Francoise von Trapp:Right.
Subu Iyer:And that is that works for sure, as long as you're willing to go there today.
Francoise von Trapp:But it's also a problem because you can't have one company dominate dominate because if something happens to that company, we're screwed.
Subu Iyer:Yeah, and it's also it's also not good for innovation, right? I mean, yeah. So I think roadmapping is good, and that's one of the reasons, right? We started this uh uh effort which is funded by the government actually called MRHIEP, the manufacturing roadmap for heterogeneous integration and electronics packaging. And that roadmap is actually on our website. Anybody can go and look at it. And we uh when when I was in the NAPMP, that was the roadmap we followed.
Francoise von Trapp:Okay.
Subu Iyer:Okay, and uh that is uh the roadmap I think the industry should follow.
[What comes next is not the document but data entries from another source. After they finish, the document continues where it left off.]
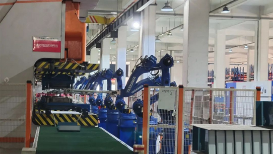 再往里走看到的是500吨液压机+250吨压力机自动生产线:由一台500吨扬力液压机、一台250吨双点扬力压力机、2台安川机械手、自动换模装置和自动上料装置构成。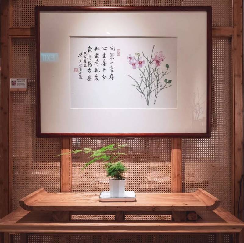 而店里的看点,又是可圈可点,广东名家梁基永亲手作画题字,一株卓锦万黛兰栩栩如生,藏头诗看得出这铜火锅是梁大师的真爱了。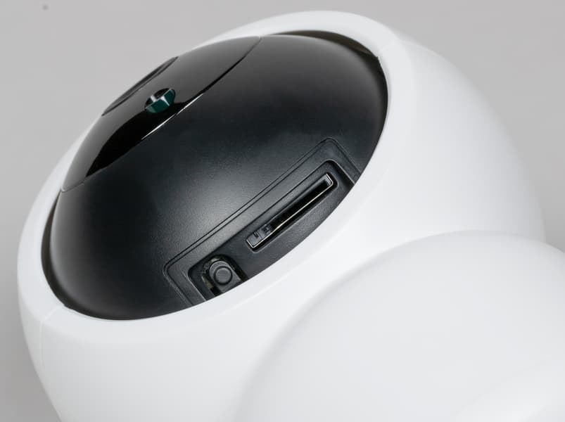 Но тут мы видим исключение: часть электроники, не связанной с оптикой, находится в поворотном блоке. Например, встроенные микрофон и динамик, служащие для обратной аудиосвязи, а также слот карты памяти, упрятанный в нижнюю часть блока камеры и обычно находящийся вне поля зрения.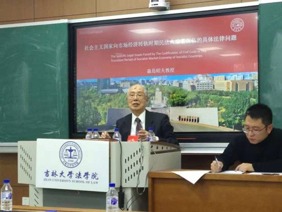2018年11月7日下午,海(境)外学者系列讲座第187期在东荣大厦B座118成功举行。日本名古屋大学森岛昭夫教授以“社会主义国家向市场经济转轨时期民法典编纂面临的具体法律问题”为题为太阳成集团tyc9728师生献上了精彩的讲座。本次讲座由鲁鹏宇教授主持,长春理工大学太阳成集团tyc9728郑路老师担任翻译,申政武教授、于敏教授、曹险峰教授、孙良国教授以及来自太阳成集团tyc9728的本科生、硕士研究生、博士研究生参加了讲座交流。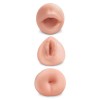 Este conjunto inclui três masturbadores com diferentes aberturas de prazer. É possível escolher livremente entre uma réplica realista de boca, vagina ou ânus, conforme o que for mais apetecível em cada momento. Os três masturbadores são suaves e extremamente macios ao toque, oferecendo um túnel de prazer aberto em ambas as extremidades.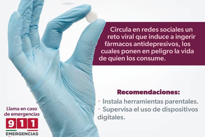 NOTICIAS 20/01/2023Alerta SSM riesgo por consumir fármacos y antidepresivos sin prescripción médicaLuego de que en redes sociales se hiciera popular un peligroso juego, en el que invitan a que los adolescentes y niños a ingerir fármacos antidepresivos, para poner a prueba el tiempo en que el medicamento hace reacción, la SecretarÃa de Salud de Michoacán (SSM) alerta a la población a vigilar a sus hijos y evitar asà una intoxicación, problemas respiratorios, sedación, inducción al coma e incluso la muerte.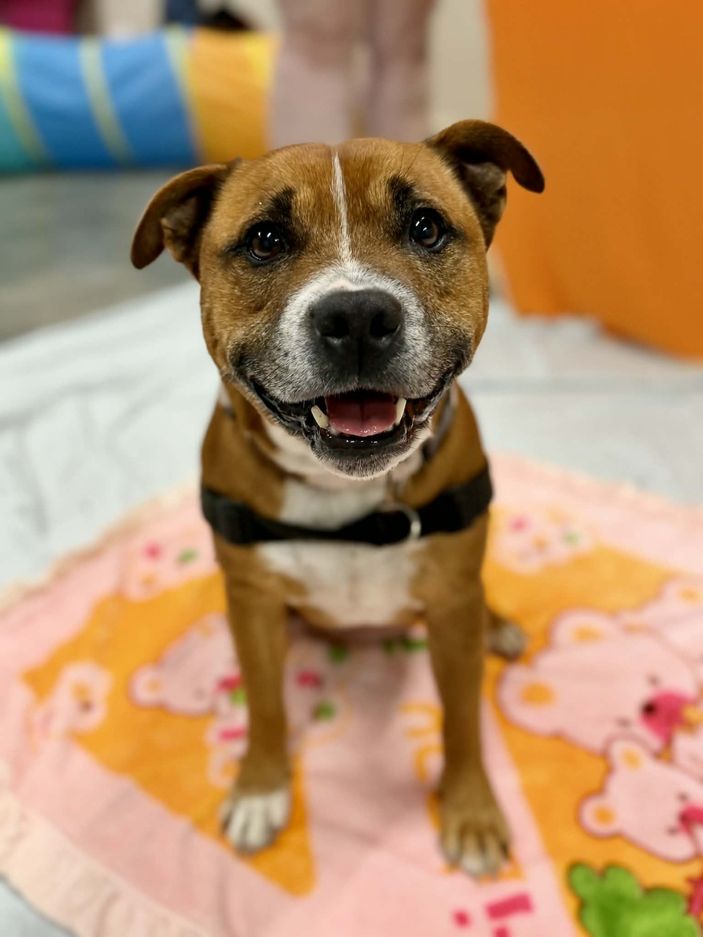 Rosie enjoys being indoors with her people and will happily travel along for car rides. Outside time may need supervision, as she can be curious about wildlife. She can get excited at times and may jump up, so a home with older, steady children would be ideal - though families familiar with Staffy personalities may be a good match too.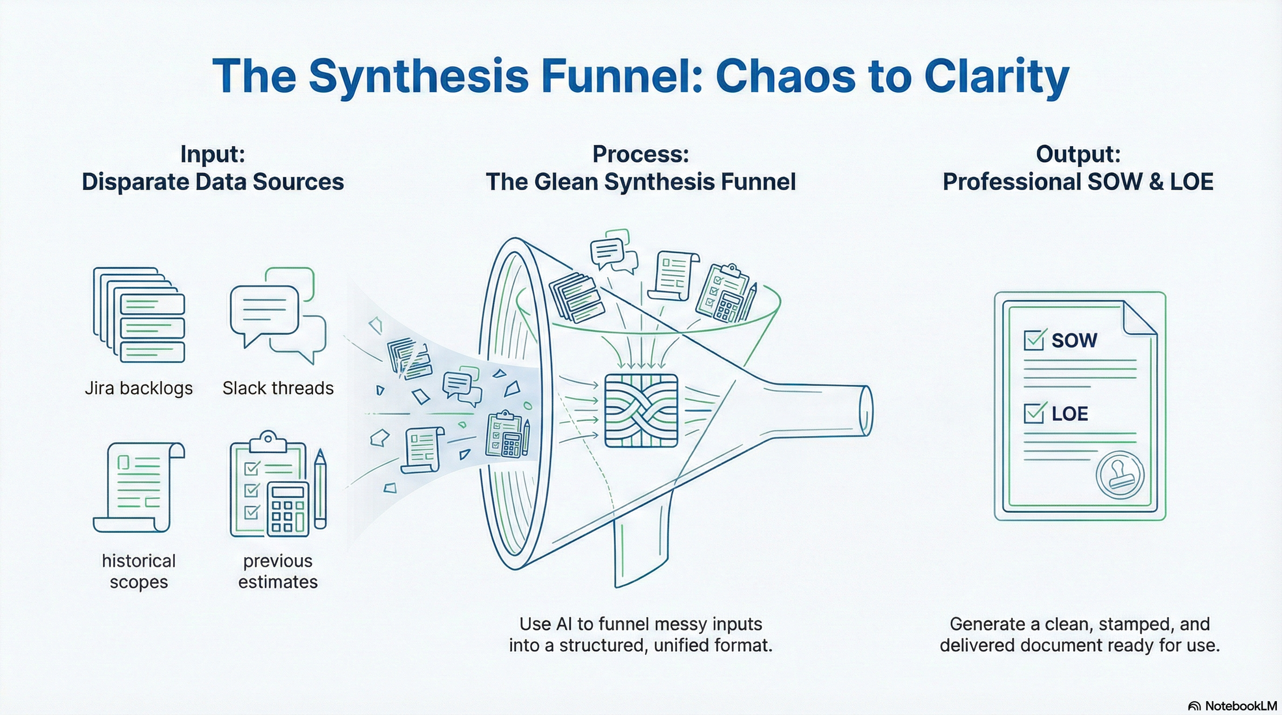 Leadership required detailed LOE (level of effort) estimations and an SOW (Statement of Work) immediately, following the loose definition of scope. Manual compilation would have taken days we didn’t have.

Francoise von Trapp:Did you ever see Back to the Future? Yeah, long ago. Yeah. Do you remember Doc says where we're going, we don't need roads. Yes. Okay, so since you brought up the NAPMP.
Subu Iyer:Oh, okay, I and we don't have too much time left.
Francoise von Trapp:I did want to get there, and you brought us there, so I'm happy about that. You said today you showed a slide that talked about the NAPMP structure and the six hardware eco and ecosystem thrusts and piloting facility and prototyping challenges, and then you had all these question marks across it because all of this because of the current administration has scrapped the NAPMP, but you told people don't toss this work, it's still important. Can you talk about that a little bit?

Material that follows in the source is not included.